Environment Variables and Secrets#

SkyPilot supports environment variables (envs) and secrets (secrets). Use environment variables to pass non-sensitive configuration to your tasks, and use secrets to pass sensitive values.

In addition to User-specified environment variables and secrets, SkyPilot also exposes several SkyPilot native environment variables, which contain information about the current cluster and task.

User-specified environment variables and secrets#

User can specify either environment variables (for non-sensitive configuration values) or secrets needed for your tasks:

  • Environment variables are available in file_mounts, setup, and run.

  • Secrets are available in setup and run.

You can specify environment variables and secrets to be made available to a task in several ways:

  • envs and secrets fields (dict) in a task YAML:

    envs:
      MYVAR: val
    
    secrets:
      HF_TOKEN: null
      WANDB_API_KEY: null
    
  • --env and --secret flags in sky launch/exec CLI (takes precedence over the above)
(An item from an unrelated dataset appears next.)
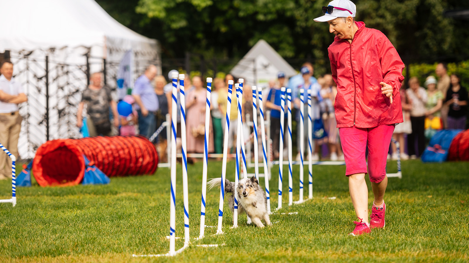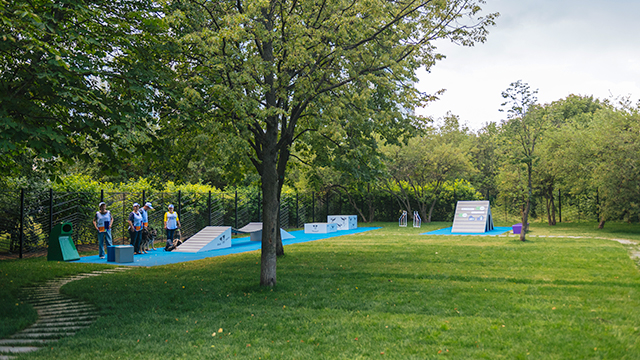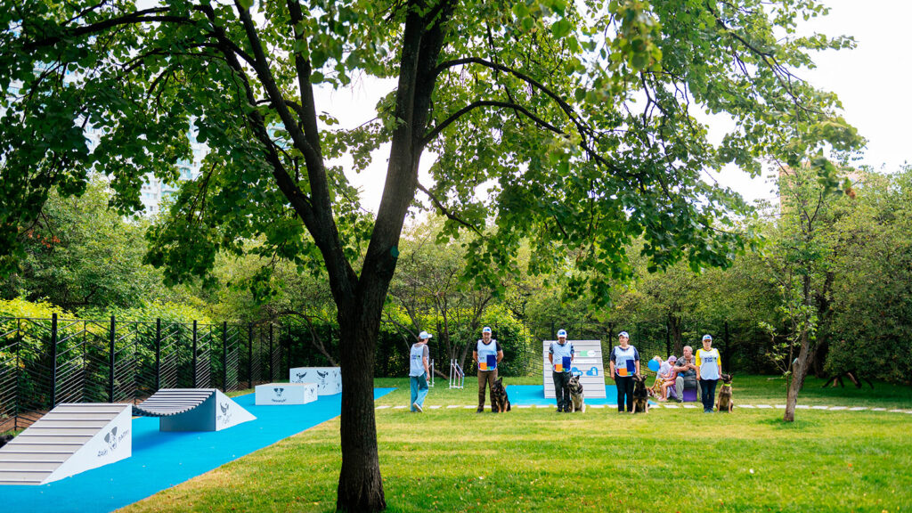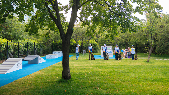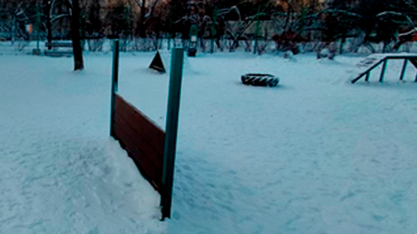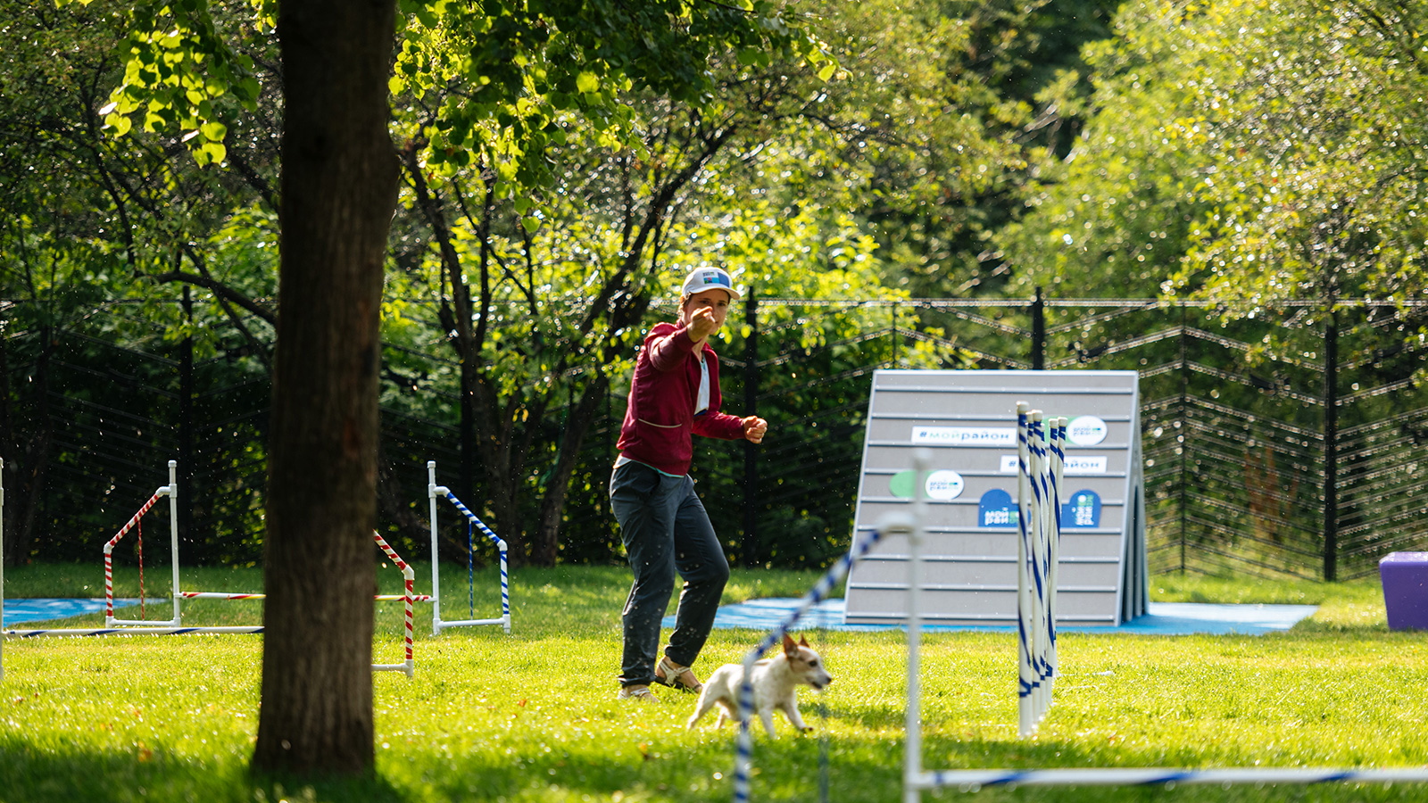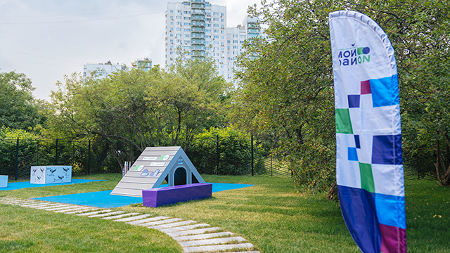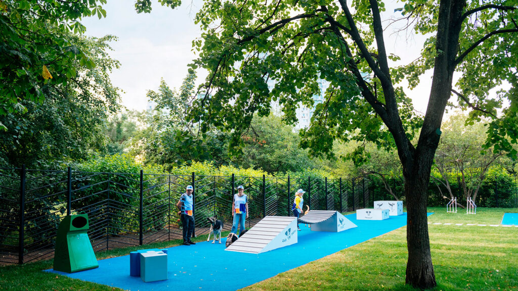 Территория площадки для выгула и дрессировки собак разделена на функциональные зоны: выгульную и тренировочную, на которой установлены несколько видов снарядов для дрессировки, таких как бум, барьер, мостик. Для владельцев собак организована зона отдыха под навесом.

    $ sky launch --env MYVAR=val --secret HF_TOKEN task.yaml
    
  • --env-file flag is only available for environment variables in sky launch/exec CLI, which is a path to a dotenv file (takes precedence over the above):

    # sky launch example.yaml --env-file my_app.env
    # cat my_app.env
    MYVAR=val
    LEARNING_RATE=1e-4
    

The file_mounts, setup, and run sections of a task YAML can access the variables via the bash syntax ${MYVAR}.

Passing secrets#

We recommend passing secrets to any node(s) executing your task by first making it available in your current shell, then using --secret SECRET to pass it to SkyPilot.

All secret values are redacted in the SkyPilot dashboard, so they won’t be visible to other users in your team sharing the same SkyPilot API server.

$ sky launch -c mycluster --secret HF_TOKEN --secret WANDB_API_KEY task.yaml
$ sky exec mycluster --secret HF_TOKEN --secret WANDB_API_KEY task.yaml

Tip

To mark an environment variable or secret as required and make SkyPilot forcefully check its existence (errors out if not specified), set it to null in the task YAML. For example, LEARNING_RATE, HF_TOKEN, and WANDB_API_KEY in the following task YAML are marked as required:

envs:
  BATCH_SIZE: 32
  LEARNING_RATE: null

secrets:
  HF_TOKEN: null
  WANDB_API_KEY: null

Tip

You do not need to pass the value directly such as --secret WANDB_API_KEY=1234 or --env BATCH_SIZE=32. When the value is not specified (e.g., --secret WANDB_API_KEY or --env BATCH_SIZE), SkyPilot reads it from local environment variables.

Using in file_mounts#

User-specified environment variables (envs) are available in the file_mounts section of a task YAML, so that you can use environment variables to customize the bucket names, local paths, etc.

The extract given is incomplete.